Since switching to Kadence from Elementor, I have noticed that when using their Gallery widget, I have to turn on Lazy Loading in the widget settings. For some reason, lazy loading in LiteSpeed Cache skips the images in the widget. However, turning on lazy load in the Gallery widget, in addition to the LiteSpeed Cache plugin, has proven to be okay, and it does not warrant any further help from Perfmatters.

DOM Monitoring = ON

Another lazy loading setting I turn on in Perfmatters is DOM Monitoring. According to Perfmatters, it is supposed to monitor changes in the DOM and lazy load newly added elements as visitors scroll down a webpage.

This setting should be turned on if your Kadence-built website is like mine and it has:

  • infinite scrolling
  • image galleries
  • gallery sliders
  • Grid containers
  • Long articles and listing pages
  • The “Avoid an excessive DOM size” error appears on several of its pages’ performance test results.

Unfortunately, this setting does not officially eliminate that diagnostic. However, it does help limit its impact. This setting reduces the time it takes for a page with many DOM elements to load by preventing the elements not visible upon initial page load from loading until the visitor actually navigates to those DOM elements.
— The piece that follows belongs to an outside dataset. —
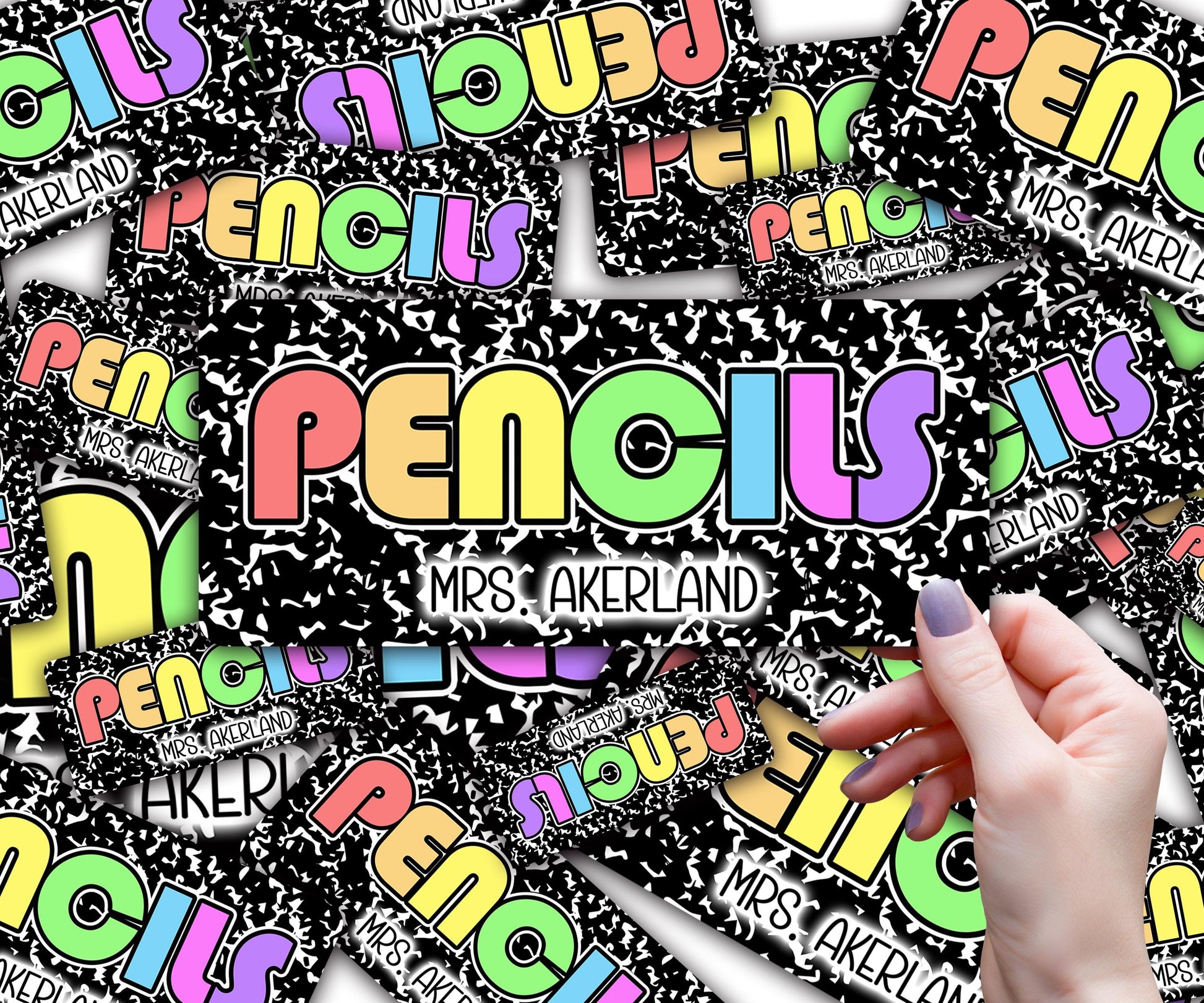 Custom Pencil Dispenser Vinyl Decal Personalized with a name, Waterproof Decal, Rainbow Theme, Teacher Appreciation Approx. 3.5x7.5 inches

Add Missing Image Dimensions = ON

The last setting I have turned on within this group is “Add Missing Image Dimensions.” Yes, I also have this setting on in the LiteSpeed Cache plugin. However, several past PageSpeed Insights test results showed that some image dimensions were still missing despite the setting being on. Turning this setting on in Perfmatters also ensures that I never see that diagnosis again in future webpage performance test results. So far, I have not.

Final Thoughts

The rest of the settings in Perfmatters are either tested for my own website or left off. These settings include:

  • General Core Settings (tested for my own website)
  • CSS settings
  • Fonts settings
  • CDN settings
  • Analytics settings
  • Script manager

I leave these settings alone because the LiteSpeed Cache plugin does an excellent job of optimizing my website on its own. Remember, Perfmatters is designed to complement your primary caching plugin, helping to further optimize your website in areas where that primary caching plugin falls short.

If you are looking for an affordable add-on optimizing plugin to help your website reach its full performance potential, consider implementing Perfmatters on your website. With a careful setup, your website can achieve near-perfect speed test scores and grow more visitors organically as a result.